In settings with high tuberculosis (TB) endemicity, distinct genotypes of the Mycobacterium tuberculosis complex (MTBC) often differ in prevalence. However, the factors leading to these differences remain poorly understood. Here we studied the MTBC population in Dar es Salaam, Tanzania over a six-year period, using 1,082 unique patient-derived MTBC whole-genome sequences (WGS) and associated clinical data. We show that the TB epidemic in Dar es Salaam is dominated by multiple MTBC genotypes introduced to Tanzania from different parts of the world during the last 300 years. The most common MTBC genotypes deriving from these introductions exhibited differences in transmission rates and in the duration of the infectious period, but little differences in overall fitness, as measured by the effective reproductive number. Moreover, measures of disease severity and bacterial load indicated no differences in virulence between these genotypes during active TB. Instead, the combination of an early introduction and a high transmission rate accounted for the high prevalence of L3.1.1, the most dominant MTBC genotype in this setting. Yet, a longer co-existence with the host population did not always result in a higher transmission rate, suggesting that distinct life-history traits have evolved in the different MTBC genotypes. Taken together, our results point to bacterial factors as important determinants of the TB epidemic in Dar es Salaam.

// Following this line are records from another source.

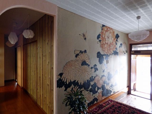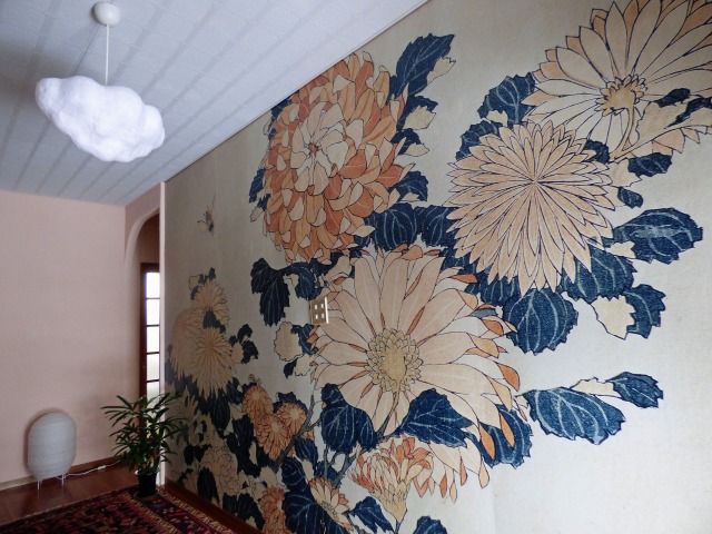 引き戸にはずっと使ってみたかった夏水組の襖紙を貼りました。
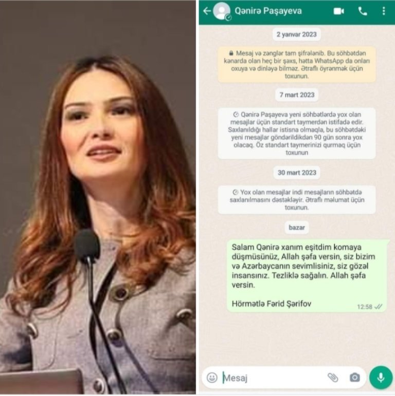 Birinci vitse prezident Mehriban xanım Əliyevanın könüllüsü Fərid Şərifovdan Qənirə Paşayeva ilə bağlı təsirli paylaşım.Çox acı və kədərli xəbər aldım. Bazar günü sevimli Qənirə xanıma vpda yazmışdım.... Amma bu gün rəsmi olaraq onu sevənlər hamımız onun ölüm xəbərini aldıq.... Ölüm xəbəri mənə həqiqətən çox pis təsir etdi və çox sarsıldım buna görə... Allah rəhmət etsin Vətənpərvər vətən qızı Qənirə xanım.... Sizə ölüm yaraşmırdı əziz insan... Sizlə olan görüşlərimiz də məni hər görəndə diqqət qayğı dəstək göstərirdiz, xatirimdədi siz mənə demişdiz biz hamımız səni dövlətini sevən fəal aktiv Azərbaycan gənci kimi tanıyırıq sən çox istedadlı Prespektivli gəncsən demişdiz mənə.... Həqiqətən sizin ölüm xəbərinizi paylaşmaq mənim üçün çox təsirlidi... Siz hər zaman mənim üçün sevimli və əziz olaraq qalacaqsınız Qənirə Paşayeva ❤️❤️
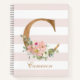 Pretty Blush Floral Gold Foil Letter C Monogram Notebook
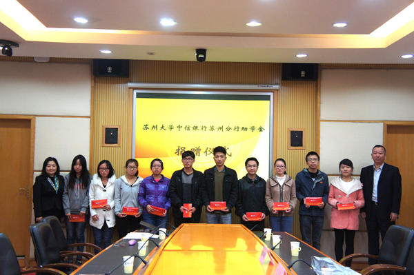 11月11日下午,中信银行苏州分行助学金捐赠仪式在我校红楼会议中心201会议室举行。参与本次会议的有中信银行苏州分行党群监保部总经理马立新、总经理助理周丽娟,我校学生工作部(处)部(处)长陈晓强、副部(处)长陈平,以及20位获助学生。
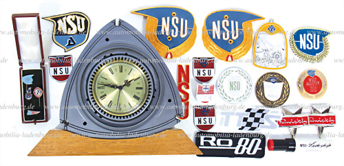 Mixed lot including rotor of a Wankel engine with clock and wooden display, plus badges, emblems, patches; touch-up pen; 4 pins
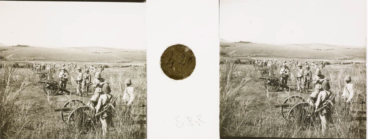 D68-42. Autour de Tananarive, les tirailleurs du 1er régiment de tirailleurs malgaches et les artilleurs de la 3e batterie du 7e régiment d'artillerie exécutent diverses manoeuvres. Ces évolutions sont destinées à apprécier la mobilité des batteries sur le terrain et à s'entraîner au tir. Le relief tourmenté, les cours d'eau et l'absence de routes praticables accentuent la difficulté des déploiements. Les rivières sont traversées à gué ou franchies sur d'étroites pirogues mises bout à bout. Deux types de canons de Bange de calibre de 80 mm sont alors utilisés : les canons de campagne, tirés par des attelages, et les canons de montagne, transportés en pièces détachées par des mulets. Les hommes sont équipés de mousquetons d'artillerie modèle 1892. Arrivés sur le champ de tir, les mulets sont déchargés et les pièces mises en batterie pour effectuer les exercices de tir.
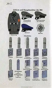 Much like the uniforms of the SA and the SS, the RLB maintained its own elaborate system of uniforms and ranks. While most often a field uniform was worn, that had little accoutrements beyond rank, a shoulder band with RLB insignia, a helmet with RLB identification on it and occasionally a gorget; a service coat did exist, which was modeled off of the standard Nazi Party paramilitary dress.[1] The Nazi armband was worn on the service coat, but was absent on the field uniform, where it was replaced by the RLB armband. A badge that had the initials of the Reichsluftschutzbund on it also existed, and was worn by members both in and out of uniform.
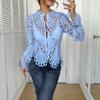 Elevate your autumn wardrobe with this stunning knit lace top, designed to offer both style and comfort. Crafted from quality polyester, this top features a solid pattern that easily complements any outfit. The standout feature is its elegant bell sleeves with intricate lace detailing and a frayed decoration, adding a touch of sophistication to your look. The long sleeves make it perfect for the cooler autumn months. Ideal for any casual outing or dressed-up event, this top effortlessly combines fashion and practicality.
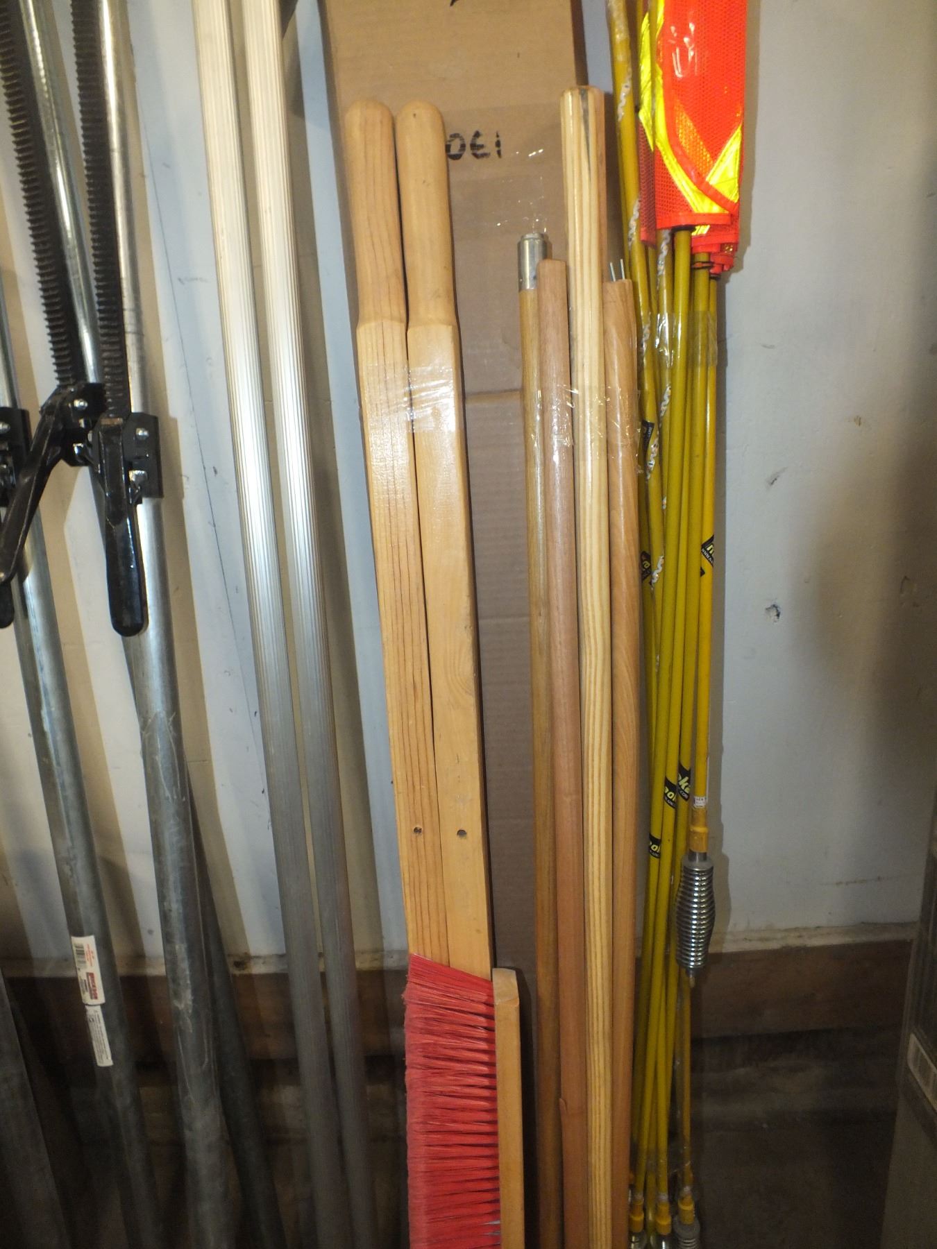 you get broom heads, wheel barrow handles, broom and mop handles...Like new...sold as is / where is

Author summaryTuberculosis (TB) is among the deadliest human infectious diseases caused by one single agent, Mycobacterium tuberculosis (Mtb). The origins of Mtb have been traced to East Africa millennia ago, where it likely became adapted to infect and transmit in humans. Here, we show that in Dar es Salaam, Tanzania, an East African setting with a high burden of TB, infections are caused by distinct Mtb genotypes introduced in recent evolutionary times from different parts of the world. These genotypes differed in traits important to Mtb transmission; while some Mtb genotypes transmitted more efficiently during a given period of time, patients infected by other genotypes remained infectious for longer. These traits evolved independently in the different Mtb genotypes and could not be explained by the time of co-existence between the host population and the pathogen. This suggests that bacterial factors are important determinants of the TB epidemic. More generally, we demonstrate that distinct pathogenic life history characteristics can co-exist in one host population.